THE CONTROVERSY GOES PUBLIC
Script of this article reads:
Louis puzzles campus
Recently I sat in the smoking lounge of our own Howard-Tilton Memorial Library, dragging down the heady vapors of generic cigarettes while attempting to maintain my sanity through another evening of working calculus problems.
The lounge was quiet and nearly empty an hour earlier when I'd chosen it for my labors but became a midterm cram room for a pack of howling economics majors shouting a half-semester's worth of financial planning notes at one another. Worse yet, most of them were non-smokers and would wave their hands under their noses and say "gross" every time I lit a cigarette.
The ranting of this group studying at my table distracted me from my derivative problems, so I increased my carbon monoxide intake to help me concentrate (Surgeon General's Warning: Cigarette smoke contains carbon monoxide
and may cause militant anti-smokers
My noxious fumes irritated the future stockbrokers into emitting a higher-pitched flurry of "bond investment guidelines in the event of a national recession" while glowering at me with tearing eyes. I lit another and glowered back.
It was a study-room riot in the making. Fortunately an off-note avalanche of rhyming poetry broke the tense stalemate. Everyone turned their heads to see Tulane's own retiree in residence clad in his usual black with smoldering pipe in hand, sitting on a corner couch by himself.
Louis Rothbard stared at nothing in particular while vociferously reciting Edgar Allen Poe's "City by the Sea" from memory.
The non-smokers and I united to glower at Louis' bizarre intrusion, and a young woman sitting next to me whined testily, "That man has no right to be here."
Her sentiments are shared by at least one other individual, who recently vandalized the area in front of the University Center steps, painting in large, black, bold letters, "LOUIS GO HOME!"

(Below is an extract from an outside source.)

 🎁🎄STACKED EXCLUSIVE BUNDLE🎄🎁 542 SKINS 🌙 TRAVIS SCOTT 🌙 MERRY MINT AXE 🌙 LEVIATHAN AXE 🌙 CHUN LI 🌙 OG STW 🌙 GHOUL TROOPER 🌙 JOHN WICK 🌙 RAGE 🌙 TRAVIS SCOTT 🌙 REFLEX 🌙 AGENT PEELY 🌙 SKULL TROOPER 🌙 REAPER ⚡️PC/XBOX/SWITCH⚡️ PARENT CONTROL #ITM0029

I first noted the apparently dispossessed Louis last year when he daily could be found puffing his pipe (Surgeon General's Warning: Pipe smoking may cause you to look forlorn.) while seated atop the Hullabaloo news rack in the U.C. entrance.
He reminded me of an encounter Alice had during her sojourn in Wonderland when she "peeped over the edge of the mushroom, and her eyes immediately met those of a large blue caterpillar that was sitting on the top with its arms folded, quietly smoking a long hookah, and taking not the smallest notices of her or of anything else." (Surgeon General's Warning: Hookah smoking may cause you to go to Wonderland.)

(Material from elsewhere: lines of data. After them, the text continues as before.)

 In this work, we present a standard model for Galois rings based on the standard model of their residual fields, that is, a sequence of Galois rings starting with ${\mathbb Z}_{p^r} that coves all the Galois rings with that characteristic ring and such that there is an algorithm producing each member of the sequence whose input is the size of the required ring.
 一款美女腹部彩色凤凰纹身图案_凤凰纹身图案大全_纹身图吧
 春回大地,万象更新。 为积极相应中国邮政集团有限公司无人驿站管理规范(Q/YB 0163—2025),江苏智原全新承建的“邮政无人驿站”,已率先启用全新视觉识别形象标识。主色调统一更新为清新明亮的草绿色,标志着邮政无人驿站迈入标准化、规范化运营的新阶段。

Louis gives the same impression of not noticing the hectic world going about its business while he sits around campus and does nothing but talk with students.
The fact that a man doing absolutely nothing concrete causes some people to get indignant was shown by the insulting vandals, but Louis himself can surely be considered harmless after a year and a half of respectable behavior.
His popularity with such a large following from the student body indicates that he is very personable and worth getting to meet, yet his presence is disconcerting because of its singular peculiarity.
Louis is an alumnus of Tulane who has said he succeeded in his business ventures and, after becoming financially independent, retired.
This is the goal for which we are all hypothetically striving, but Louis makes you think twice about this desire because his success seems unimpressive and drab. He has nothing better to do with his time but return from whence he came, Tulane itself.
This means we are now at the point we are trying to attain, so the idea of ever leaving is redundant.
If all alumni retirees returned and picked a spot on one of our scenic benches, where would the students sit? Louis' quirky idea of a good time is harmless, and almost endearing, but if the notion caught on and Tulane doubled its retired residents yearly -- one this year, two next year, four the following and so on -- by the time we reached Louis' age we'd all have to come back and take our seats just to meet the quota. They'd end up leveling Audubon Park and filling it with bleachers to accommodate us.
This picture, though ridiculous, is terrifying nonetheless and is the root of the Louis enigma: You can't look at Louis without hoping you don't become like him.